Advanced Database(Weka explorer)

profileRama
AssignmentWeka.docx

Use Weka 3 in Data Mining

1. Download

(1) Please go to  https://www.cs.waikato.ac.nz/ml/weka/   Follow the instructions to download and install Weka 3.

(2) Goto: http://storm.cis.fordham.edu/~gweiss/data-mining/datasets.html  Download these datasets:

· soybean.arff

· iris.arff

· segmentchallenge.arff

· segmenttest.arff

2. Use

After you install Weka 3, run the program.
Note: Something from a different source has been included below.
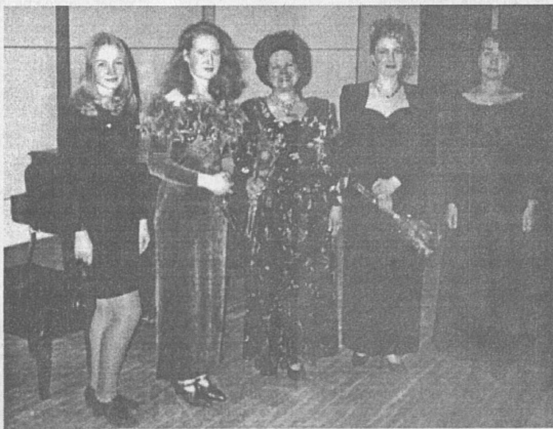
На снимке: участники концерта в университете С. Айовы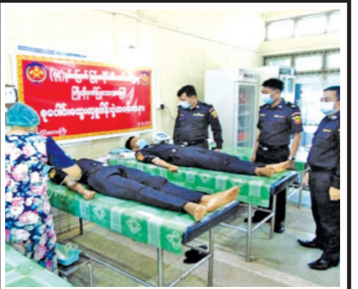
(၇၄) နှစ်မြောက် မြန်မာနိုင်ငံမီးသတ်တပ်ဖွဲ့နေ့ကို ဂုဏ်ပြုသောအားဖြင့် မေ ၄ ရက်က ပဲခူးတိုင်းဒေသကြီး မီးသတ်ဦးစီးဌာနမှ သန္ဓေတပ်ဖွဲ့ဝင် ၂၀၊ အရန်မီးသတ်တပ်ဖွဲ့ဝင် ၁၅ ဦးတို့က ပဲခူးမြို့ ပြည်သူ့ဆေးရုံကြီးတွင် သွေးလျှောခန်းကြ စဉ်။

You will see this window:

Click "Explorer". You will see this window:

Click "Open file", and open one of your arff files, for example, "iris.arff".

Click on the tab "classify". Then you can click the button "choose" to choose a classifier. 

Here we first choose "trees -> J48", which is the C4.5 Decision Tree.

Then you can choose the number of folds of cross validation. Let's change it to 5.

Then we can click "Start" to test the classifier using cross validation.

Here you can see a Confusion Matrix. Each row of the matrix shows the labels given to the instances of a particular class. 

In this table, we can see that

· There are 50 instances of class "a". 49 of them were correctly labelled as "a", while 1 of them was incorrectly labelled as "b".

· There are 50 instances of class "b". 47 of them were correctly labelled as "b", while 3 of them were incorrectly labelled as "c".

· There are 50 instances of class "c". 48 of them were correctly labelled as "c", while 2 of them were incorrectly labelled as "b".

The Confusion Matrix provides a good illustration of the correctness of the classification. In the classifier output, you can also find other stats such as the error rate.

We may also try other classifiers. You will find these classifiers:

· lazy -> IBk is the KNN classifier.

· functions -> SMO is the SVM classifier.

There are also a lot of other classifiers you can use. Let's try KNN first.

After you choose IBk, you may click the textbox to modify its parameters.

In the pop-up window, you can set the value of each parameter. For example, the first value "KNN" specifies the number of neighbors K. By default, it's 1, which means it a simple Nearest Neighbor classifier. Let's change it to 3 and click ok.

Then we can click "start" to test it. We will see a new Confusion Matrix.

Similarly, you can try other classifiers, such as SVM. If you do not know the meaning of the parameters of a classifier, you may leave them as the default values.

Now let's see how we can train a classifier using a training dataset, and test it with a different test dataset. 

Go back to the tab "Preprocess" and open "segment-challenge.arff". Then go to "Classify".

Choose any classifier, for example SVM (functions -> SMO). 

In Test options, choose "Supplied test set", and click "Set...".

Browse and open "segment-test.arff". Then click "Start" to test it. You will see the result in the classifier output.

For more information on Weka, please refer to its documentation:  https://www.cs.waikato.ac.nz/ml/weka/documentation.html  

Please try these classifiers on these data:

· Use C4.5 Decision Tree on "iris.arff". Test the accuracy using 5 fold cross validation.

· Use SVM on "iris.arff". Test the accuracy using 5 fold cross validation.

· Use KNN on "iris.arff".  Try K = 1. Test the accuracy using 5 fold cross validation.

· Use KNN on "iris.arff".  Try K = 3. Test the accuracy using 5 fold cross validation.

· Use C4.5 Decision Tree on "soybean.arff". Test the accuracy using 5 fold cross validation.

· Use SVM on "soybean.arff". Test the accuracy using 5 fold cross validation.

· Use KNN on "soybean.arff".  Try K = 1. Test the accuracy using 5 fold cross validation.

· Use KNN on "soybean.arff".  Try K = 3. Test the accuracy using 5 fold cross validation.

· Use C4.5 Decision Tree on "segment-challenge.arff". Test the accuracy using "segment-test.arff".

· Use SVM on "segment-challenge.arff". Test the accuracy using "segment-test.arff".

· Use KNN on "segment-challenge.arff".  Try K = 1. Test the accuracy using "segment-test.arff".

· Use KNN on "segment-challenge.arff".  Try K = 3. Test the accuracy using "segment-test.arff".

Write a report. Include the screenshots of your result, and compare the performance of these 3 classifiers. Which one of them has the best accuracy? Which one of them is the fastest?

Upload your report to the submission folder by the due date.